▸ Exercise goal: Print only the lines from the one with "从7月银行违规原因分布来看,被罚较多的违" through the end of the data, exactly, and please omit pictures.

▸ Given entries:
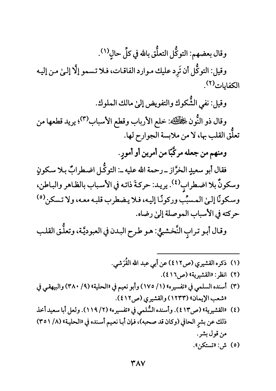 (¬٤) «القشيرية» (ص ٤١٣). وأسنده السُّلمي في «تفسيره» (٢/ ١١٩). ولعل أبا سعيد أخذ ذلك عن بشرٍ الحافي (وكان قد صحبه)، فإن أبا نعيم أسنده في «الحلية» (٨/ ٣٥١) من قول بشر.
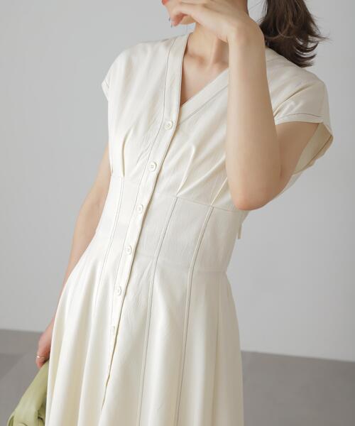(fabric&design) 配色ステッチがポイントのワンピースです。 少しシボ感のある生地を使用しているので綺麗になりすぎずない印象。 ウエストがシェイプされており、そこから広がるフレアシルエットがとてもきれいで一枚でスタイルアップできます。 襟元はV開きでデコルテが綺麗に見えます。 背中のデザインはドロストが可愛く背中あきの肌見せがヘルシーな印象に。 (styling) 一枚で可愛いワンピースなので小物合わせで楽しめます。 夏らしくハットと合わせても爽やかで、カジュアルに見せたい方はキャップにスニーカー合わせがおすすめです。 ■透け感:なし ■生地の厚さ:普通 ■裏地:なし ■伸縮性:なし ■光沢:なし ■シルエット:スタンダード --------------------------------------------------- ◆商品のお気に入り登録◆ お気に入りアイテムの値下げ・再入荷・在庫1点などの通知を受け取ることができます。 ◆ブランドのお気に入り登録◆ 新商品や再入荷、セール、クーポン配布などお得な情報を受け取ることができます。 --------------------------------------------------- ※ご注文いただいた予約商品のお届け時期の確認は、注文履歴ページより行えます。
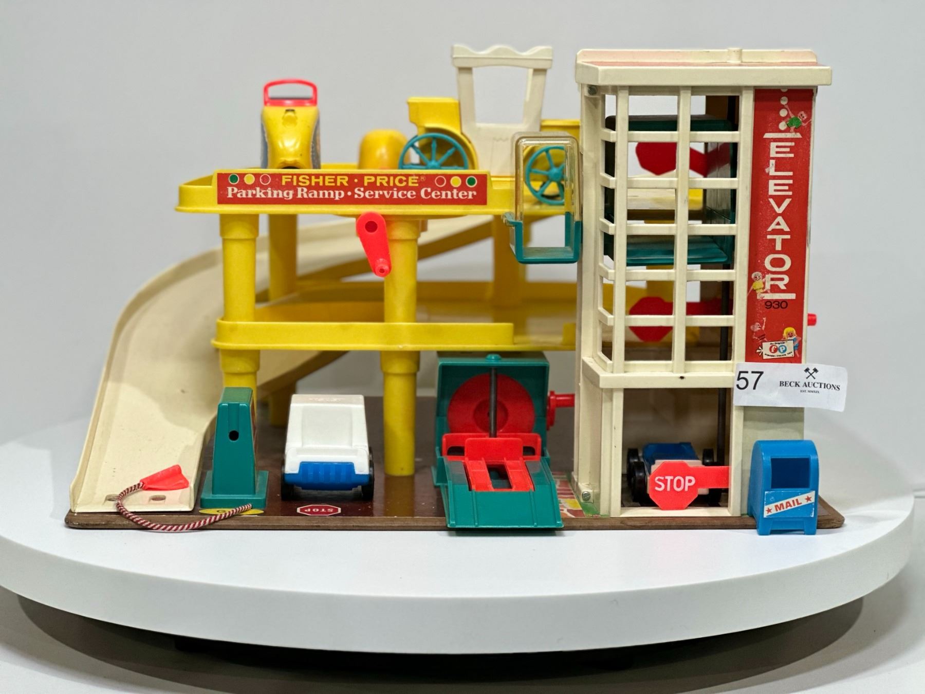 Includes: Fisher Price Mail truck, mailbox, carriage, and skii-mobile
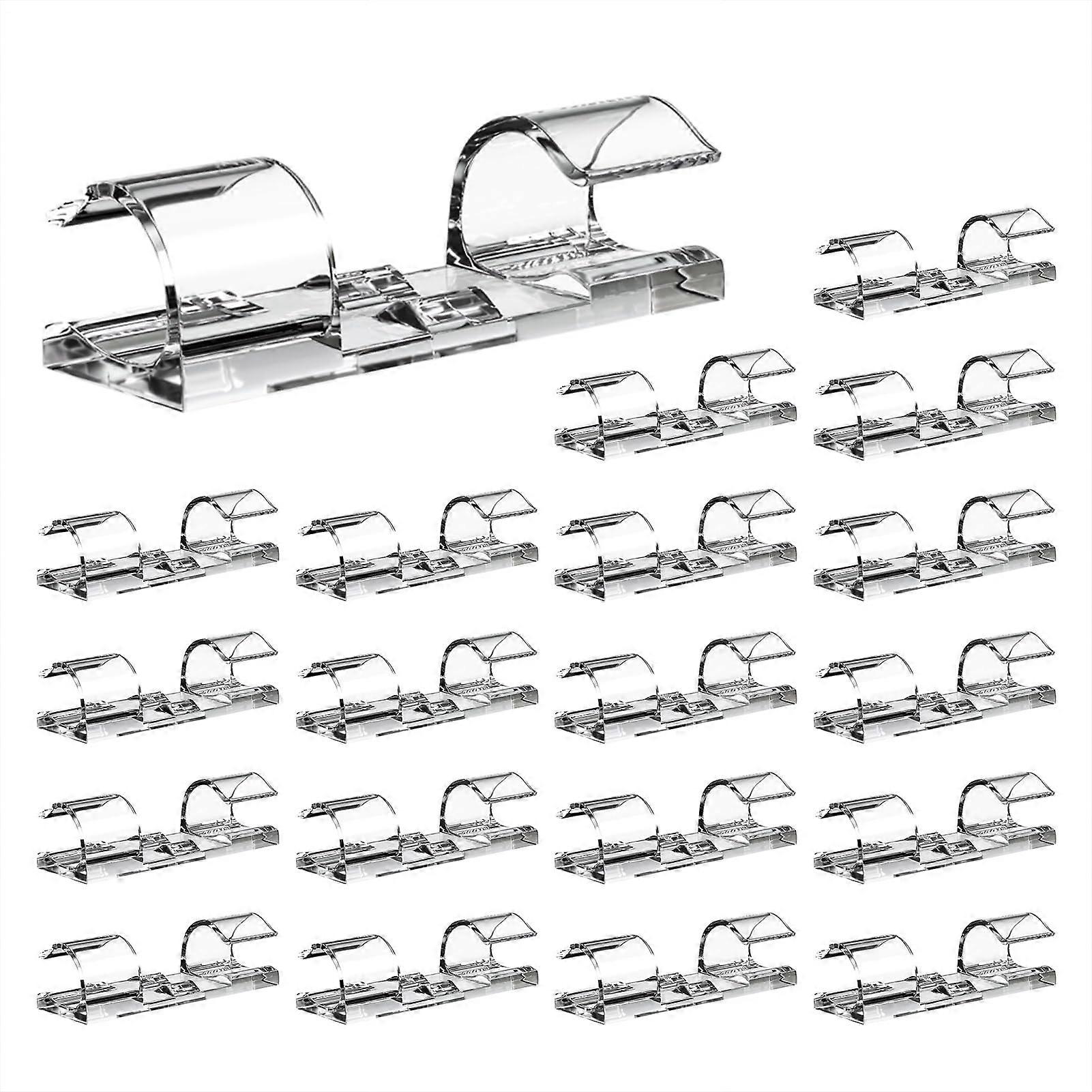 Kabelclip 20pcs Clear Adhesive Cable Clips | Strong Wall Wire Organizers | Transparent Desk Cable Holders
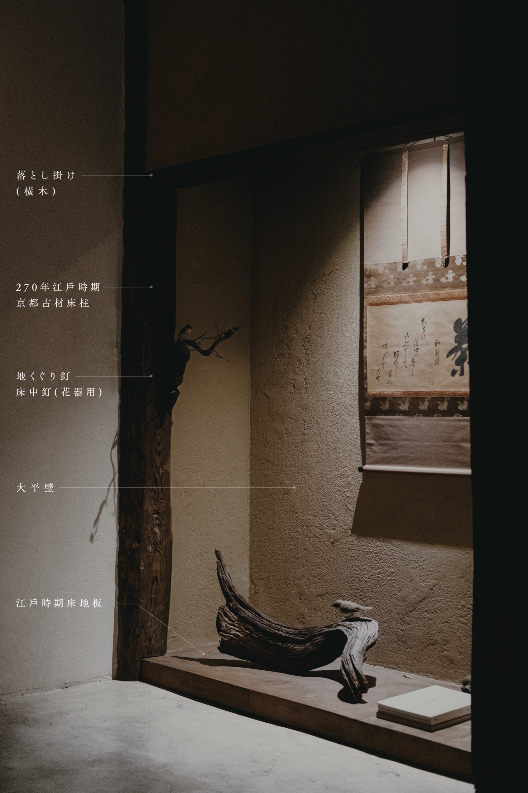 I later referenced the traditional architectural design manual Shoumei (匠明) by Hiranuma Masanobu, which highlights the most representative structure of oshi-ita found at the remains of the Ninomaru Palace in Kyoto. By the Edo period, this structure had evolved into what we now recognize as toko-noma. To create the tokonoma in my own shop, I sourced ancient materials from Kyoto, dating back 270 to 400 years, as a tribute to history.
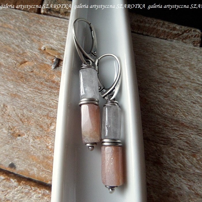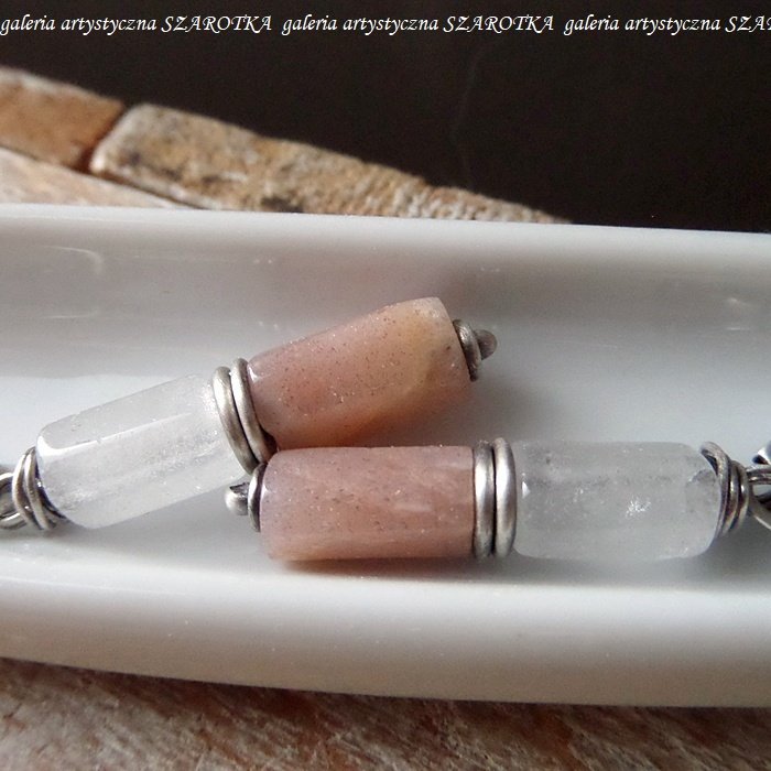 Smukłe kolczyki wykonane z kryształu górskiego i kamienia słonecznego w postaci ciosanych, lekko nieregularnych walców wielkości ok. 11 x 6 mm i oksydowanego srebra pr. 925. Długość - 4,6 cm
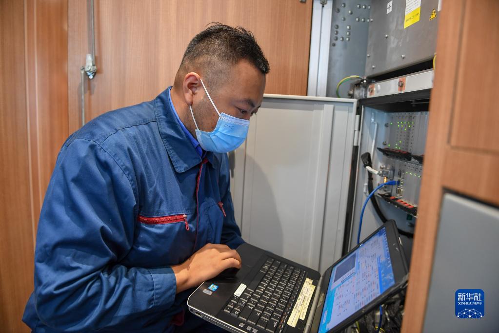 10月2日,在長春動(dòng)車運(yùn)用所,技術(shù)人員朱磊檢查列車設(shè)備。
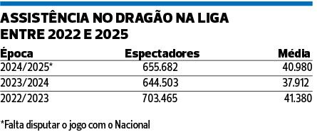 Os últimos dois jogos do campeonato em casa são uma amostra desse sentimento: contra o Moreirense estiveram nas bancadas do Dragão 27.374 espetadores e frente ao Famalicão não chegaram aos 40 mil (39.286). Parte da desmobilização explica-se pelo desaire pesado contra o Benfica, por 1-4, jogo que chamou 49.193 adeptos, igual ao número registado na receção ao Sporting. Todavia, o fenómeno já se fazia sentir antes. A partir do desafio com o Estoril (39.019), na 10.ª jornada, a 3 de novembro, as assistências diminuíram progressivamente, contrastando com a loucura que se viveu no arranque da Liga, com anúncios de lotação esgotada.
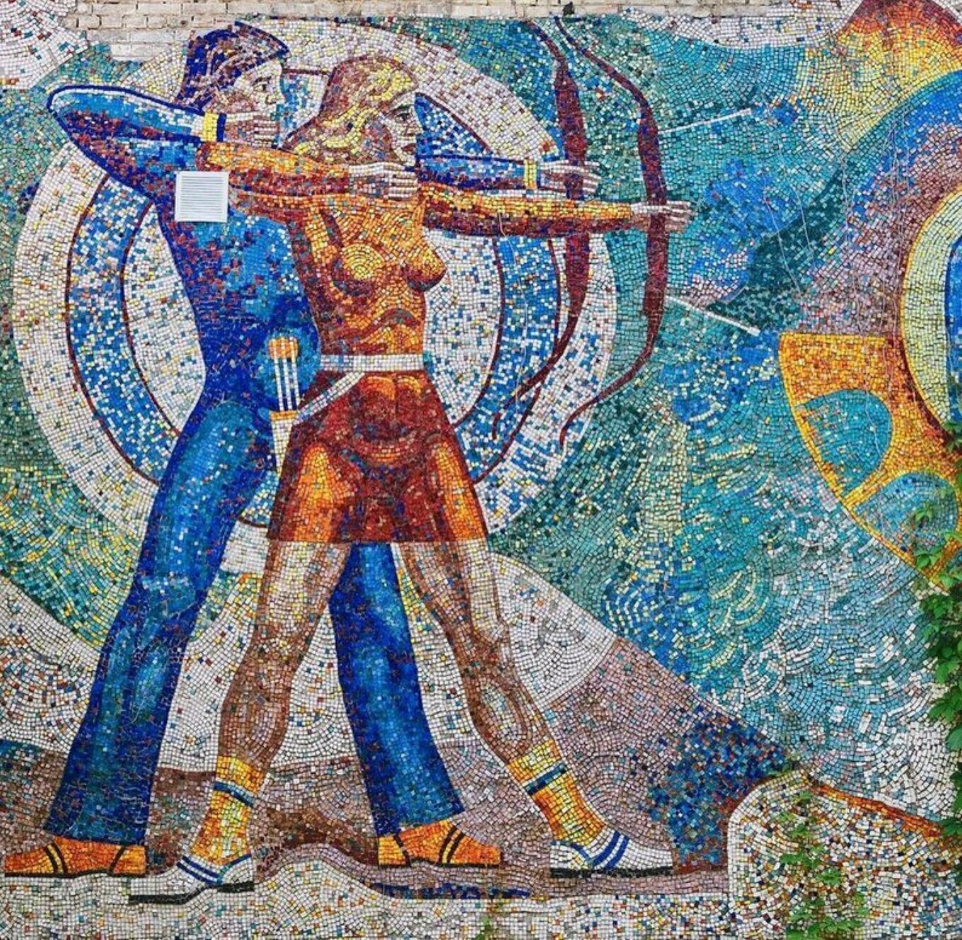 20-метрова модерністська мозаїка розташована на вул. Клепарівській, 39а та має охоронний статус. Її у 1984-1986 роках створила група художників на чолі з Ігорем Сиротинським. В оригіналі панно складалося з трьох частин та зображувало велотрек, стрільбу з луку, важку атлетику, біг, футбол, гімнастику та багато інших сюжетів.
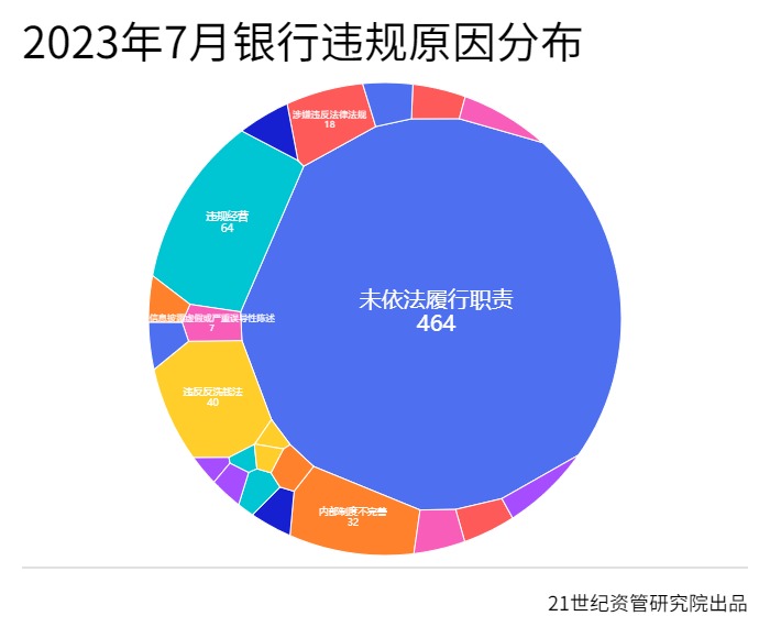 从7月银行违规原因分布来看,被罚较多的违规原因有未依法履行职责、违规经营、违反反洗钱法等。
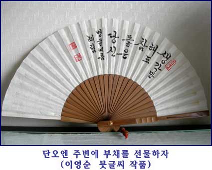 그리고 창포주 등의 약주를 마셔 재액을 예방하려 하였지요. 또 조선의 풍속에는, 단옷날에 임금을 가까이 모시던 여러 신하가 시를 기록한 단오첩(端午帖)을 써서 대궐 기둥에 붙였습니다. 그리고 해마다 이 날에는 공조(工曹)에서 부채를 만들어 임금께 진상(進上)하고 이 부채를 신하들에게 나눠 주었지요. 그렇게 한 까닭은 다가오는 여름에 더위 타지 말고 건강하라는 뜻이었습니다. 만일 주변에 사랑하는 사람이 있다면 단오엔 부채를 선물하면 어떨까요?
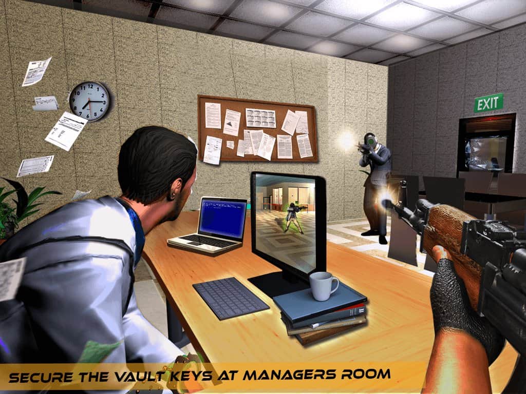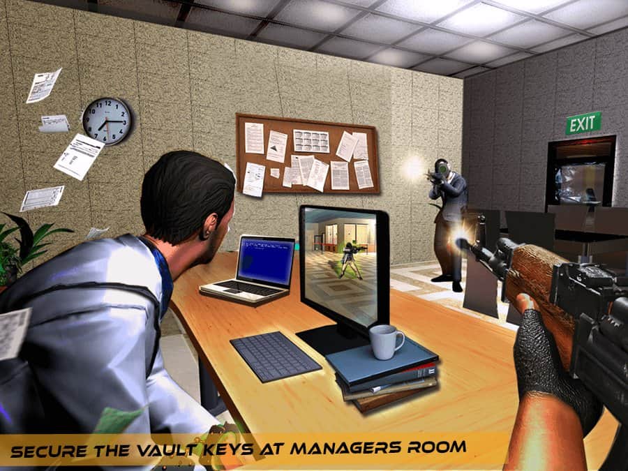 Gizli Ajan Soygun Kaçışı – Android için bir aksiyon oyunu, burada bir gizli ajan rolünü üstleneceksiniz ve soyguncu çetesini durdurmanız gerekecek. Aşırı suçlular ulusal bankanın binasına girdi ve soygun yapmaya karar verdi. Göreviniz onların bunu yapmasına izin vermemek. Bankaya sızın ve çeteyi arkadan saldırarak teker teker etkisiz hale getirin. Suçluların elindeki tüm silahlara, keskin nişancı ve saldırı tüfekleri, tabancalar, bombalar ve diğer silahları edinin. Size kasaya açılacak anahtarları arayın ve verilen görevleri yerine getirin. Büyük çatışmalara katılın ve nişan alma becerilerinizi gösterin.

▸ Reply to the exercise:
 从7月银行违规原因分布来看,被罚较多的违规原因有未依法履行职责、违规经营、违反反洗钱法等。
 그리고 창포주 등의 약주를 마셔 재액을 예방하려 하였지요. 또 조선의 풍속에는, 단옷날에 임금을 가까이 모시던 여러 신하가 시를 기록한 단오첩(端午帖)을 써서 대궐 기둥에 붙였습니다. 그리고 해마다 이 날에는 공조(工曹)에서 부채를 만들어 임금께 진상(進上)하고 이 부채를 신하들에게 나눠 주었지요. 그렇게 한 까닭은 다가오는 여름에 더위 타지 말고 건강하라는 뜻이었습니다. 만일 주변에 사랑하는 사람이 있다면 단오엔 부채를 선물하면 어떨까요?
 Gizli Ajan Soygun Kaçışı – Android için bir aksiyon oyunu, burada bir gizli ajan rolünü üstleneceksiniz ve soyguncu çetesini durdurmanız gerekecek. Aşırı suçlular ulusal bankanın binasına girdi ve soygun yapmaya karar verdi. Göreviniz onların bunu yapmasına izin vermemek. Bankaya sızın ve çeteyi arkadan saldırarak teker teker etkisiz hale getirin. Suçluların elindeki tüm silahlara, keskin nişancı ve saldırı tüfekleri, tabancalar, bombalar ve diğer silahları edinin. Size kasaya açılacak anahtarları arayın ve verilen görevleri yerine getirin. Büyük çatışmalara katılın ve nişan alma becerilerinizi gösterin.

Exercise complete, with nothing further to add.